| What you will do |
Could you transcribe exactly the lines below, from the line with "2023年12月信陽萬達廣場" through the line with "Ответ на задание", and nothing else, leaving out the pictures?

*-*-*

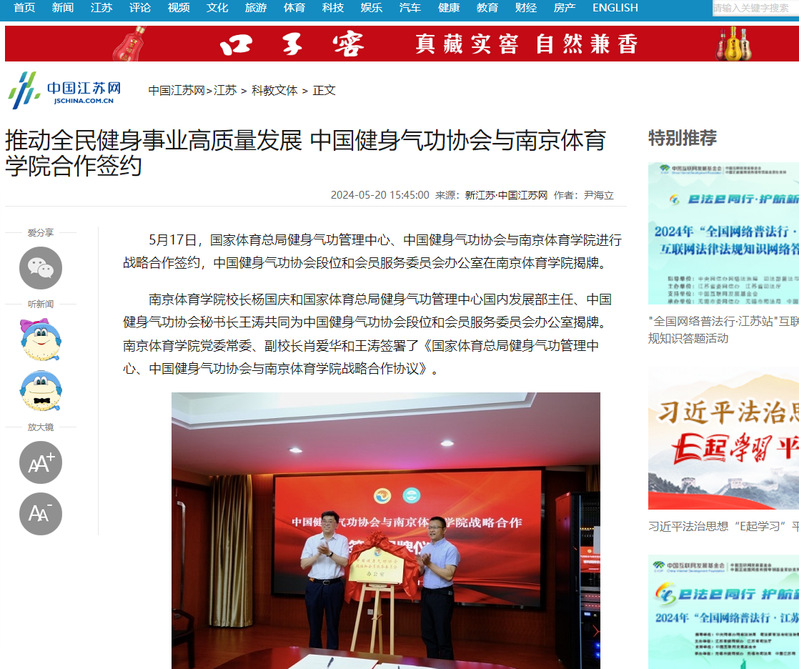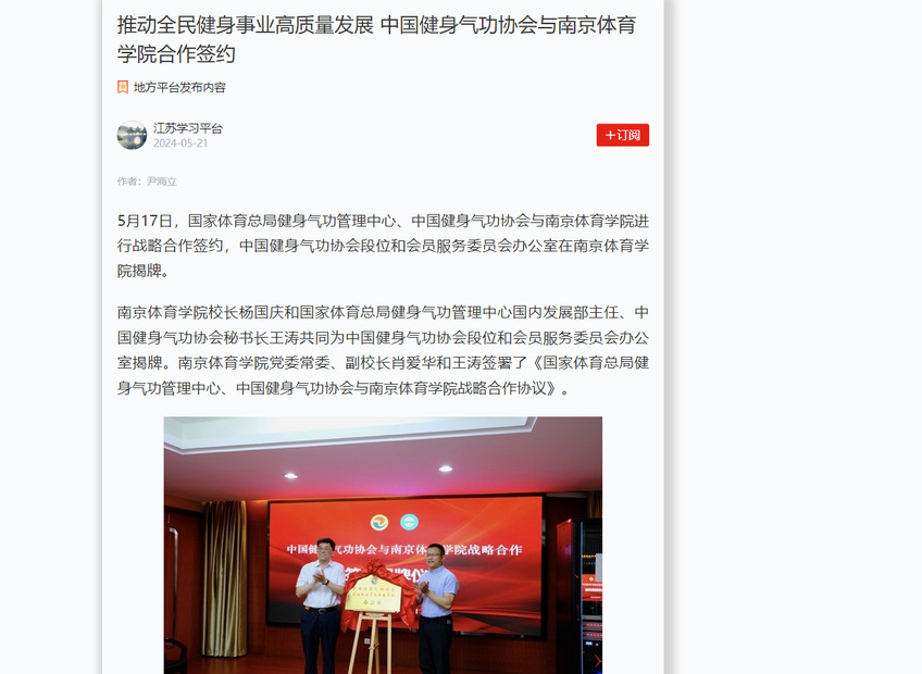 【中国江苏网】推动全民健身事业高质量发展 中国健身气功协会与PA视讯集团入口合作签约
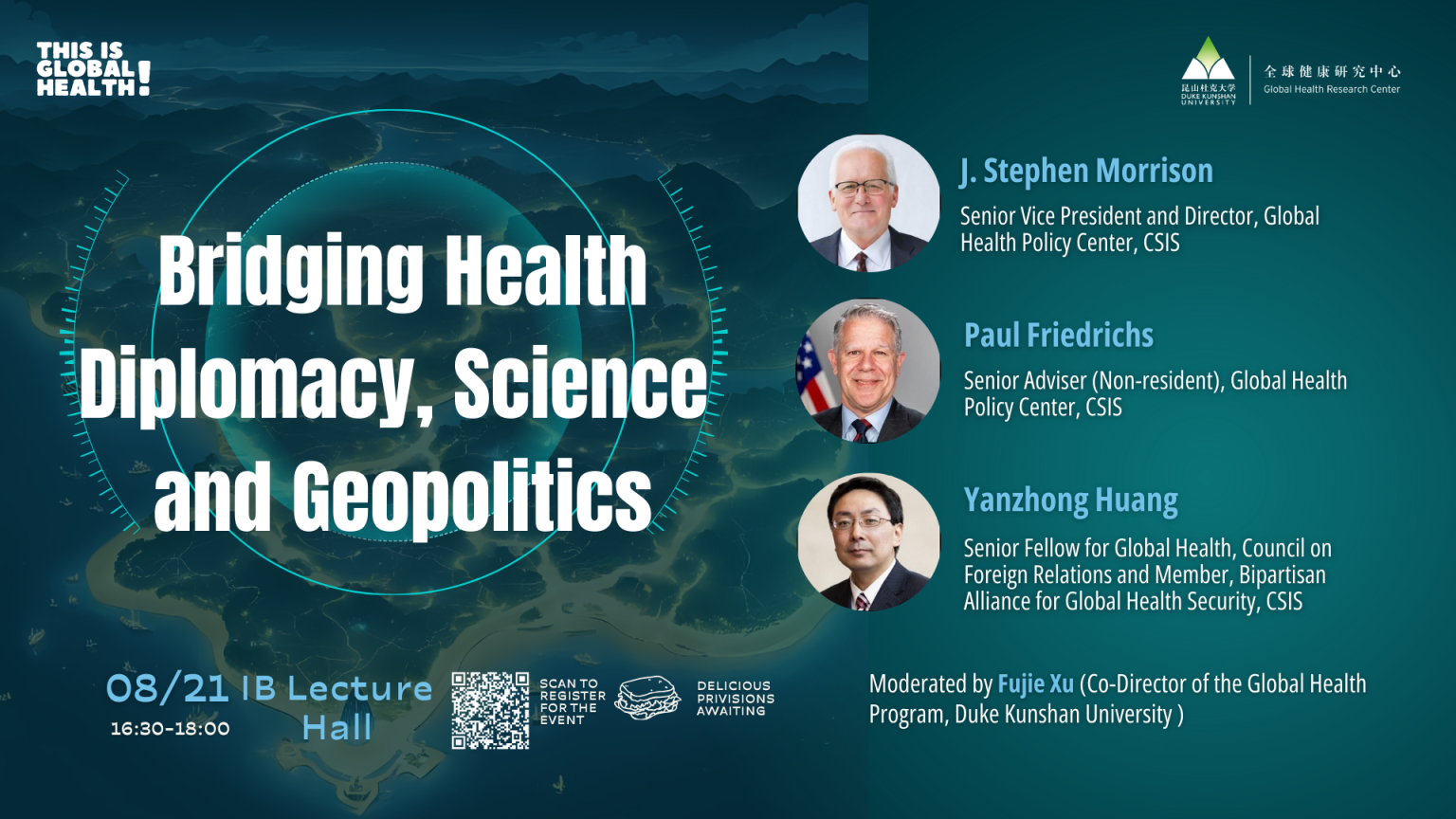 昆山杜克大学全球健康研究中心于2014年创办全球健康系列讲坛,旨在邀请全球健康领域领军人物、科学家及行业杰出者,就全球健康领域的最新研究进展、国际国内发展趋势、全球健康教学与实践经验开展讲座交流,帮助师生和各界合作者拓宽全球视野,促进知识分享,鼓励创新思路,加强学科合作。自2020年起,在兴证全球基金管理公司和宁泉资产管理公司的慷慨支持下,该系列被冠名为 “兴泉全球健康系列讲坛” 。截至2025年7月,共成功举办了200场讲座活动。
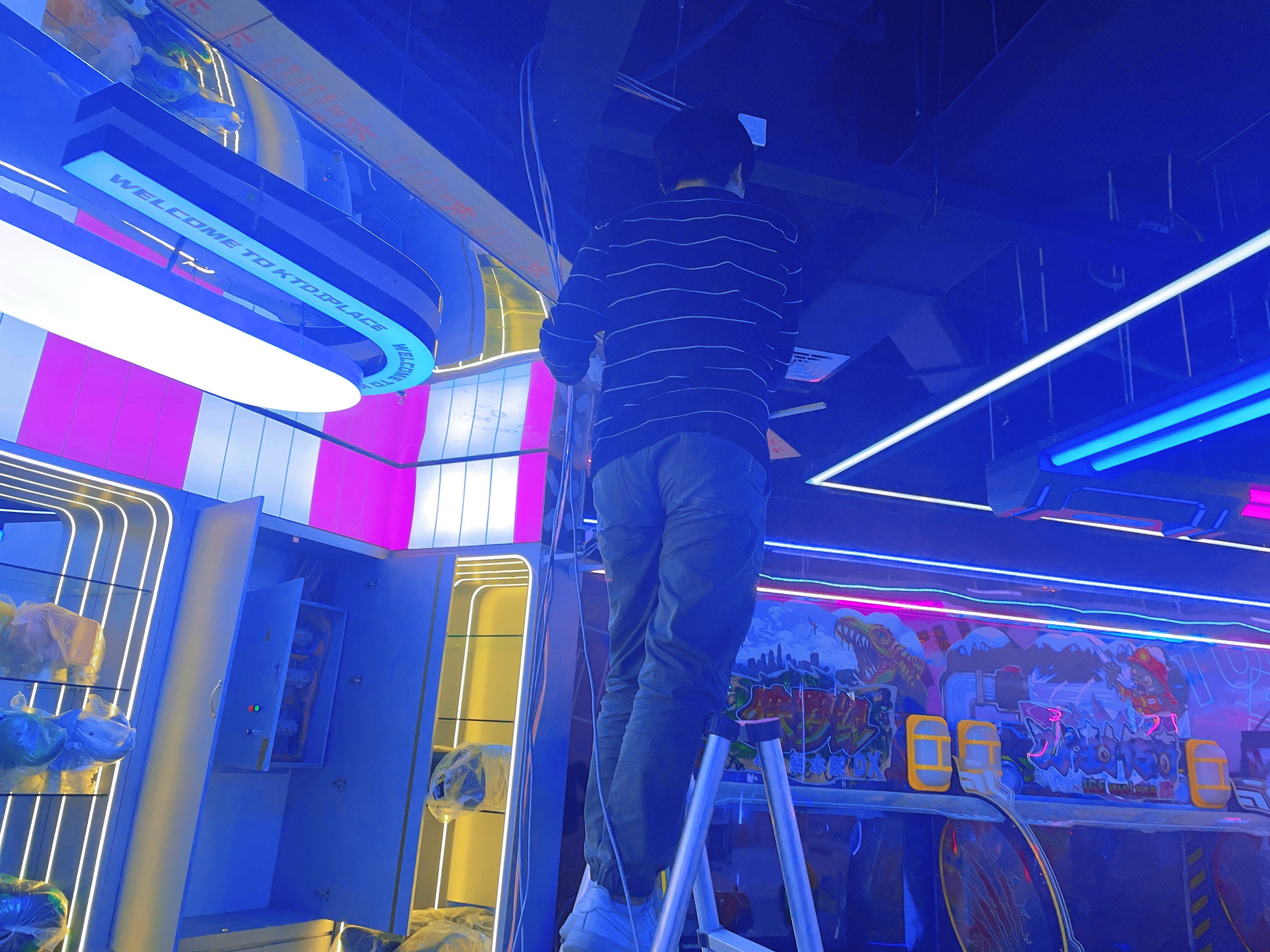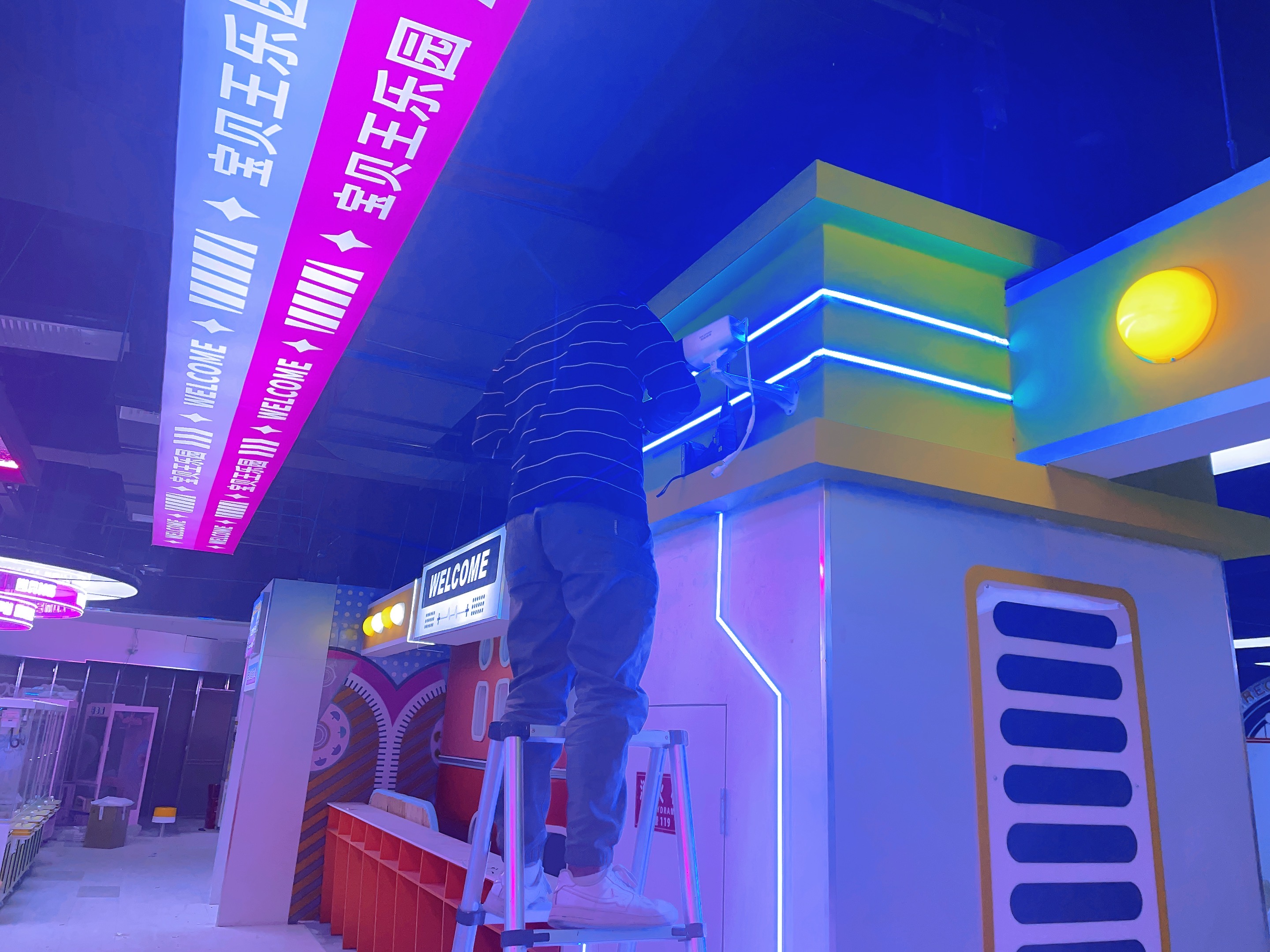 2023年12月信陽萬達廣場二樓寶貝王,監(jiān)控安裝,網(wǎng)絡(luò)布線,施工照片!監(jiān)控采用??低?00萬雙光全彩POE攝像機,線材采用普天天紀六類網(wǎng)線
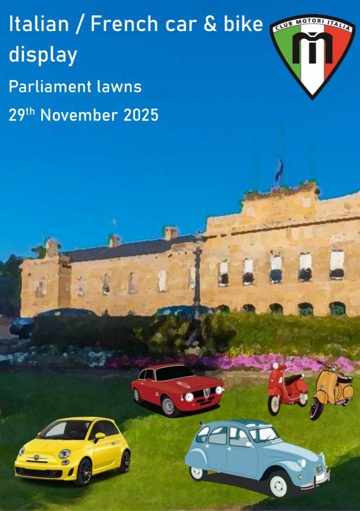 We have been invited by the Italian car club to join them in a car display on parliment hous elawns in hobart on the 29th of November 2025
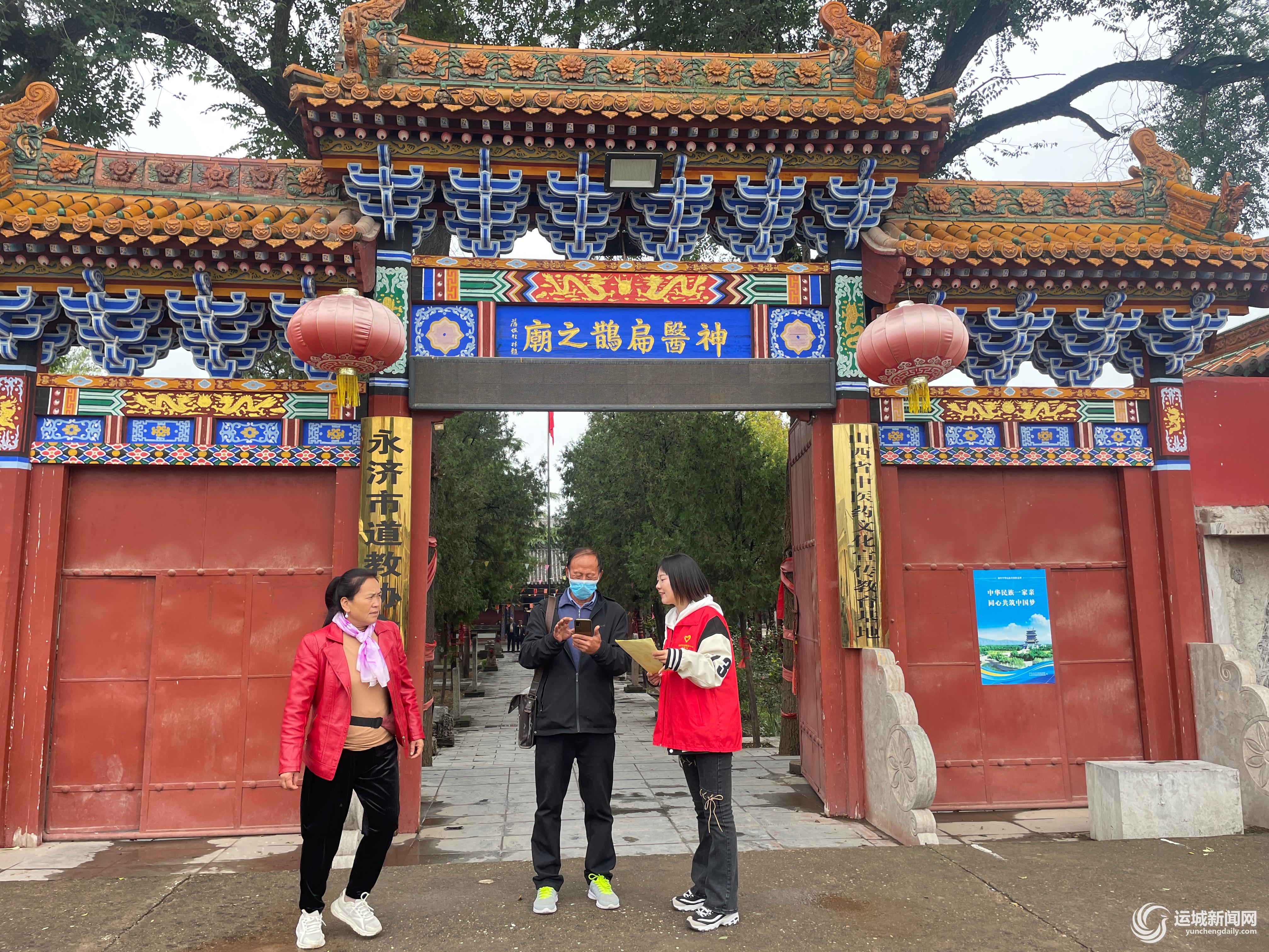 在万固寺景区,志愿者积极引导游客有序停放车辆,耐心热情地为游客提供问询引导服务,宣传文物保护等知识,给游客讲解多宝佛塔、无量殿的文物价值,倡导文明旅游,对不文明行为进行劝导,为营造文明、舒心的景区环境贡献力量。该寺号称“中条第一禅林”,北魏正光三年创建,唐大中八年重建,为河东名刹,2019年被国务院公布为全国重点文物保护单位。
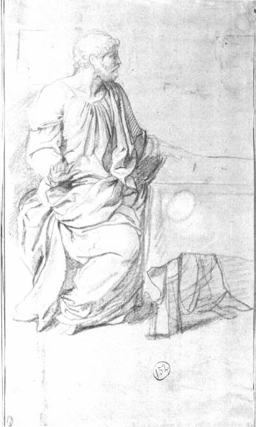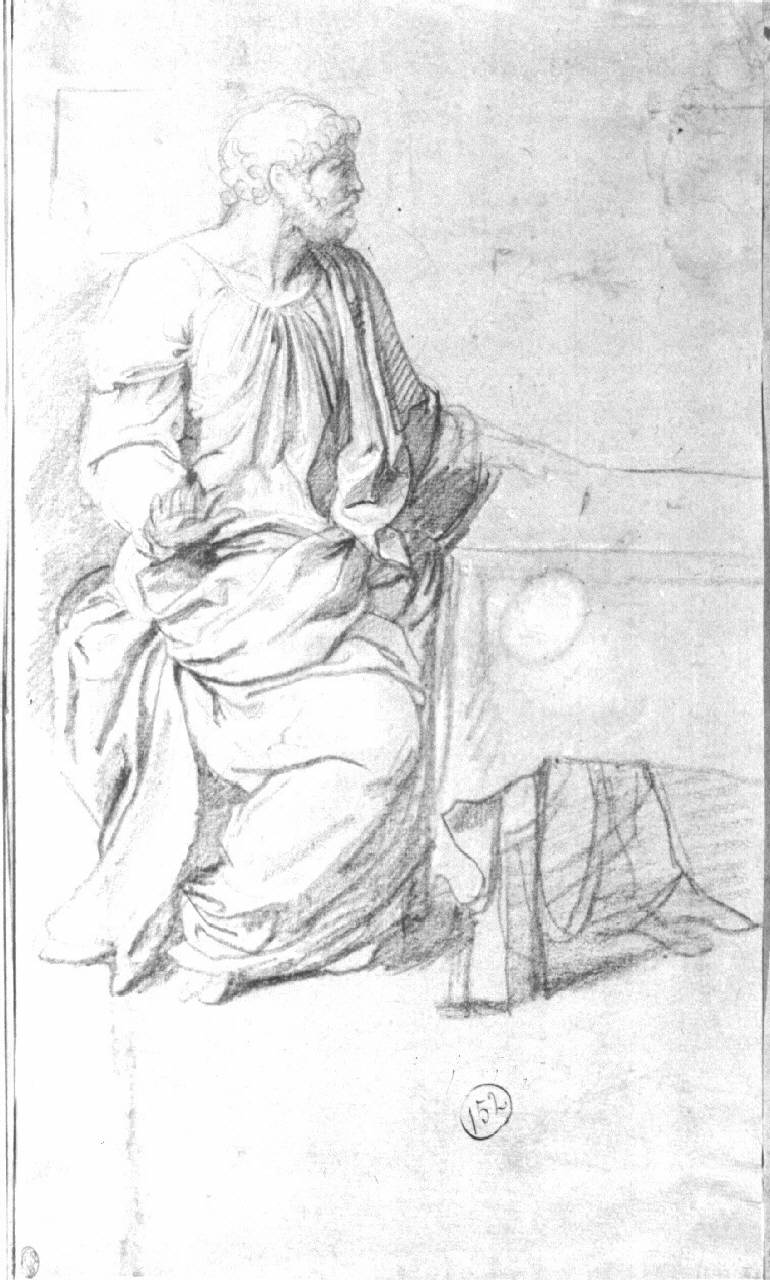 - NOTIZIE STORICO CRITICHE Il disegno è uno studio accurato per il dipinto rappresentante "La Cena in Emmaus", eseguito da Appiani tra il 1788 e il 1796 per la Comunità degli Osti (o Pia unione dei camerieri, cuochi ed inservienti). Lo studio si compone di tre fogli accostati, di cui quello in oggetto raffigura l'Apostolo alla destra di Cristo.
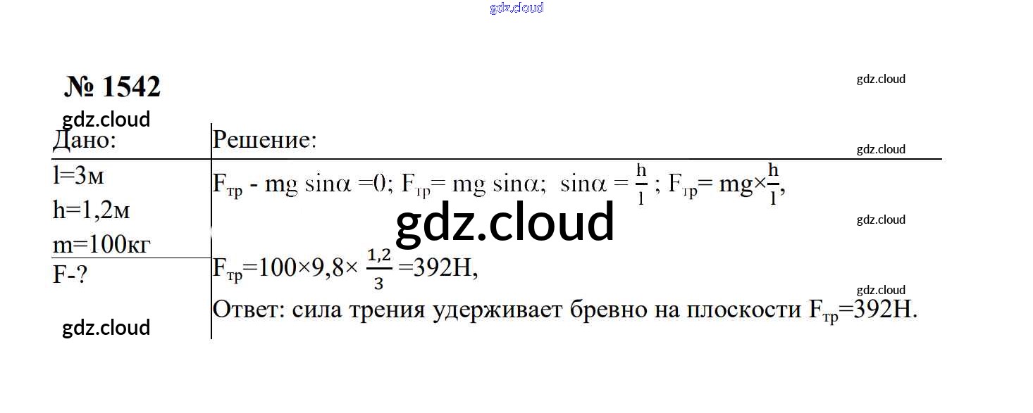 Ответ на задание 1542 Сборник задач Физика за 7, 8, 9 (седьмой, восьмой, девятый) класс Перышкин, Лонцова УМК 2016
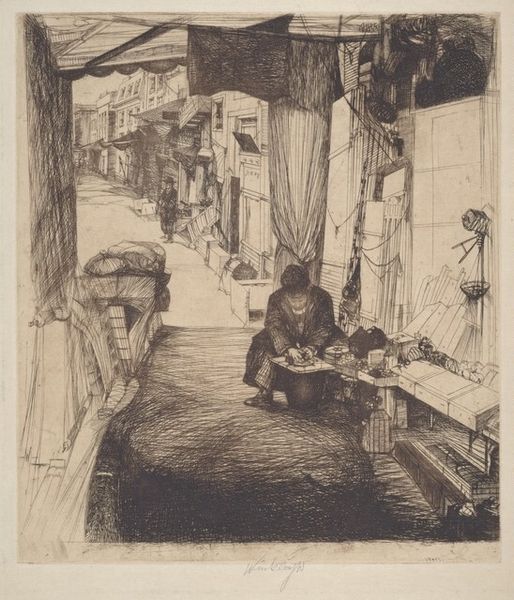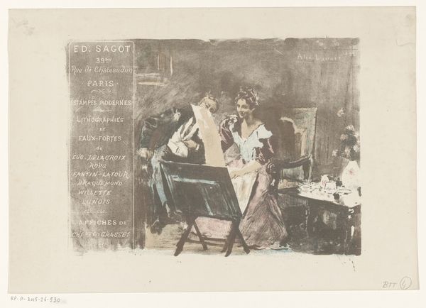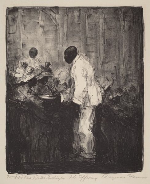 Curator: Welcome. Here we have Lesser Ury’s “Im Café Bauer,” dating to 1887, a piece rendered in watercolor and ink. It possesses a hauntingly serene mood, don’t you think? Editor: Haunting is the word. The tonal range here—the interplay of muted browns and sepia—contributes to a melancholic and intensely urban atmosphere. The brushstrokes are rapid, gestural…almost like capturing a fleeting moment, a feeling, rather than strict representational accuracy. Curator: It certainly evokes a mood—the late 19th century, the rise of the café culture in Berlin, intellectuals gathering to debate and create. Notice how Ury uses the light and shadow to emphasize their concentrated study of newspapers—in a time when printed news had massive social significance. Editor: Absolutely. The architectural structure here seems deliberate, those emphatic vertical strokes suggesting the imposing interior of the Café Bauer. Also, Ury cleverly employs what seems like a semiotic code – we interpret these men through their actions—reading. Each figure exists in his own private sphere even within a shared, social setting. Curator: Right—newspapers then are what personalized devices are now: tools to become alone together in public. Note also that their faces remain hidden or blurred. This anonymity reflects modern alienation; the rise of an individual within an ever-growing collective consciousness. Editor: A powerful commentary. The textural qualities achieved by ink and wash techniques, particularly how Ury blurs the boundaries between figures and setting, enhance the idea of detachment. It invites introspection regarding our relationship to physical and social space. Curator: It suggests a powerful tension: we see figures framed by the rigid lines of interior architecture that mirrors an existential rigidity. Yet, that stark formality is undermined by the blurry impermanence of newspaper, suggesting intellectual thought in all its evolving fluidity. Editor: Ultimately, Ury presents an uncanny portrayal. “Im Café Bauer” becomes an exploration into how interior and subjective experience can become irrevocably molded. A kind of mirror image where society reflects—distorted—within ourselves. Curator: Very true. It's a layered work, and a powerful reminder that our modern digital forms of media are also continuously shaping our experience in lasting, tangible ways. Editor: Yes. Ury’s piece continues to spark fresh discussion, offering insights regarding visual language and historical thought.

*-*-*

| Task response |
 2023年12月信陽萬達廣場二樓寶貝王,監(jiān)控安裝,網(wǎng)絡(luò)布線,施工照片!監(jiān)控采用??低?00萬雙光全彩POE攝像機,線材采用普天天紀六類網(wǎng)線
 We have been invited by the Italian car club to join them in a car display on parliment hous elawns in hobart on the 29th of November 2025
 在万固寺景区,志愿者积极引导游客有序停放车辆,耐心热情地为游客提供问询引导服务,宣传文物保护等知识,给游客讲解多宝佛塔、无量殿的文物价值,倡导文明旅游,对不文明行为进行劝导,为营造文明、舒心的景区环境贡献力量。该寺号称“中条第一禅林”,北魏正光三年创建,唐大中八年重建,为河东名刹,2019年被国务院公布为全国重点文物保护单位。
 - NOTIZIE STORICO CRITICHE Il disegno è uno studio accurato per il dipinto rappresentante "La Cena in Emmaus", eseguito da Appiani tra il 1788 e il 1796 per la Comunità degli Osti (o Pia unione dei camerieri, cuochi ed inservienti). Lo studio si compone di tre fogli accostati, di cui quello in oggetto raffigura l'Apostolo alla destra di Cristo.
 Ответ на задание 1542 Сборник задач Физика за 7, 8, 9 (седьмой, восьмой, девятый) класс Перышкин, Лонцова УМК 2016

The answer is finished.